Exercise instructions: Give again, exactly as written, the lines of the records below from the line with "Ceramic wine jar" to the line with "Satellite image of Greece in March 2003.". Both end lines count; pictures do not.

START Dataset

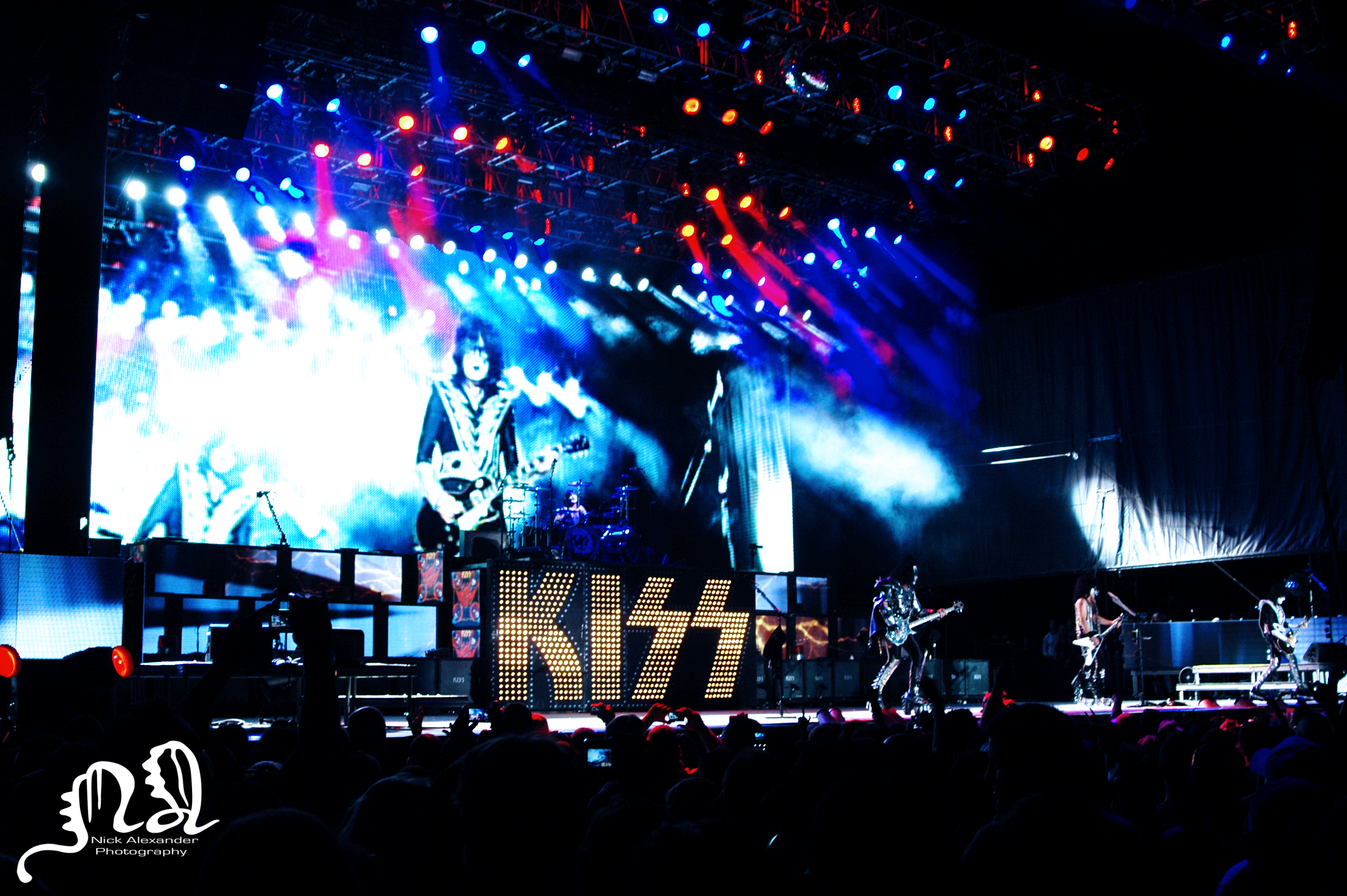 KISS Performs at Epicenter Festival 2010 in Fontana, California
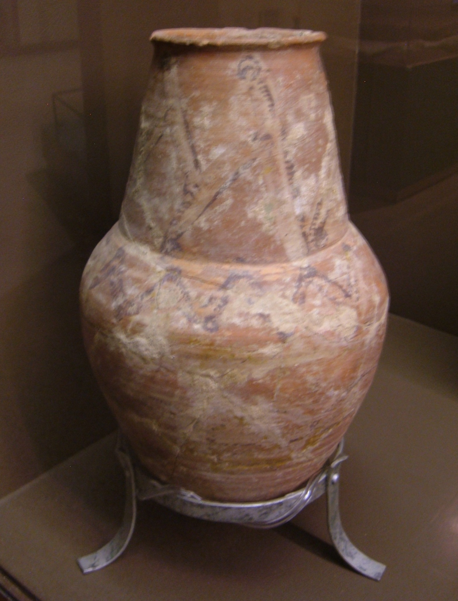 Ceramic wine jar (Dynasty 19) on display at the Rosicrucian Egyptian Museum in San Jose, California. RC 824
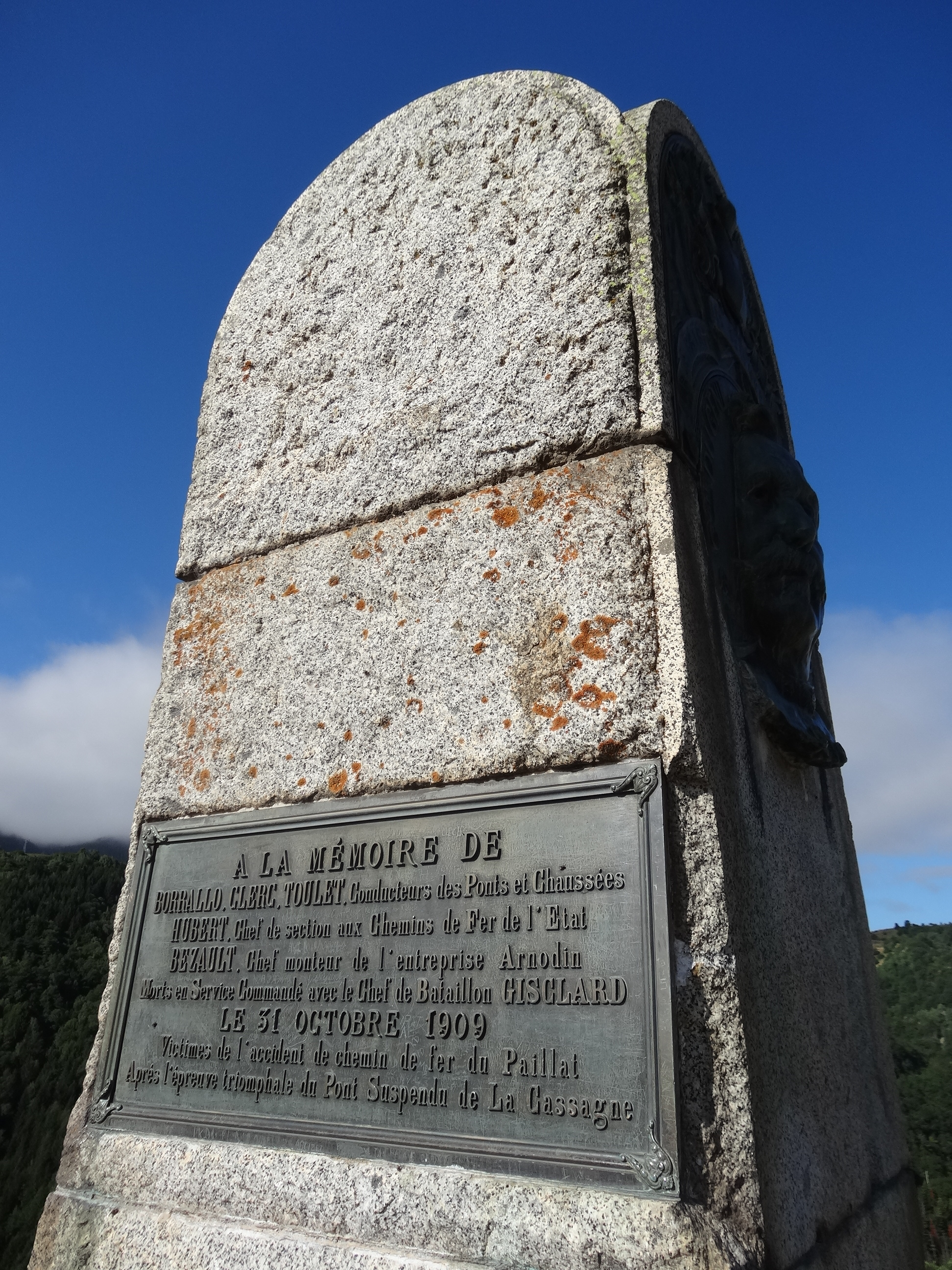 Viewpoint above Pont Gisclard (Pyrénées-Orientales)
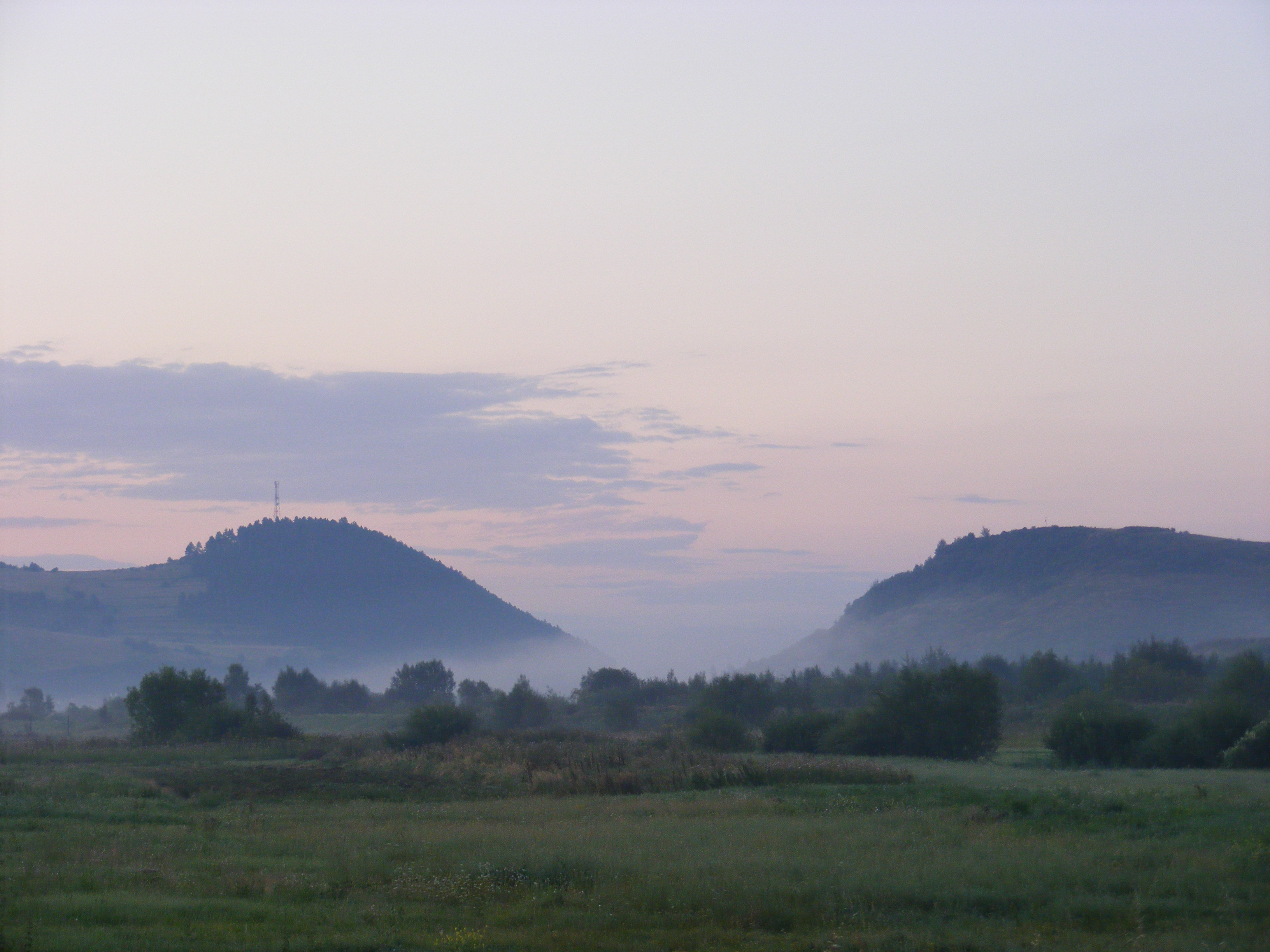 The Zsögöd-strait, in Romania, Harghita County.
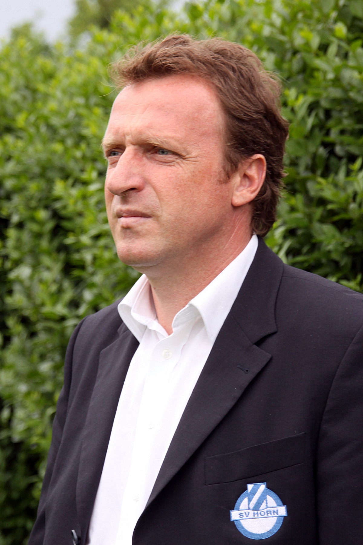 Rupert Marko - Coach of SV Horn
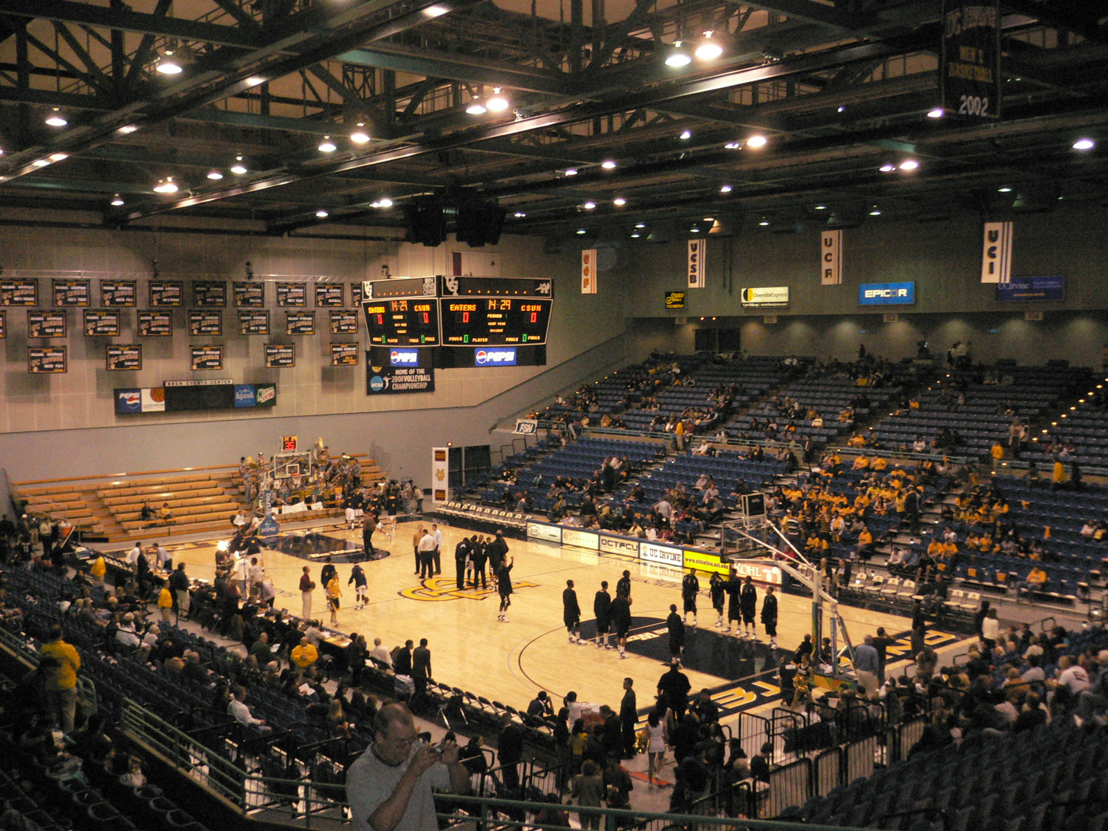 The court before a basketball game between UC Irvine and CSU Northridge
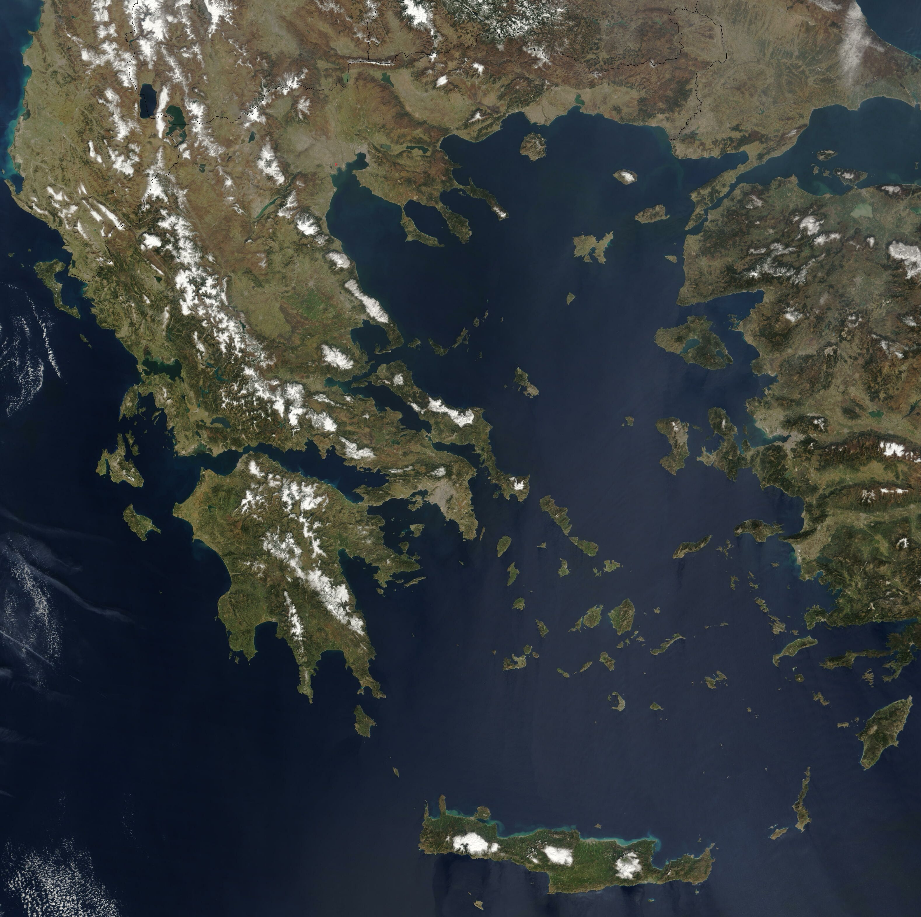 Satellite image of Greece in March 2003.
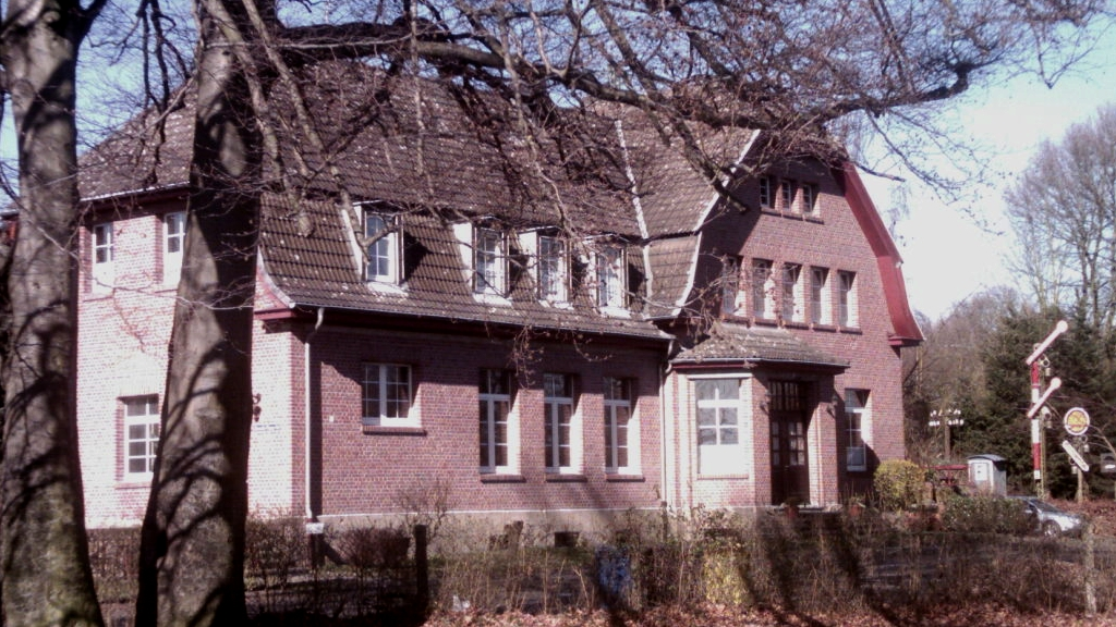 Former Railway-Station Building in Heimer, Viersen, Germany

END Dataset

Answer to the problem:
 Ceramic wine jar (Dynasty 19) on display at the Rosicrucian Egyptian Museum in San Jose, California. RC 824
 Viewpoint above Pont Gisclard (Pyrénées-Orientales)
 The Zsögöd-strait, in Romania, Harghita County.
 Rupert Marko - Coach of SV Horn
 The court before a basketball game between UC Irvine and CSU Northridge
 Satellite image of Greece in March 2003.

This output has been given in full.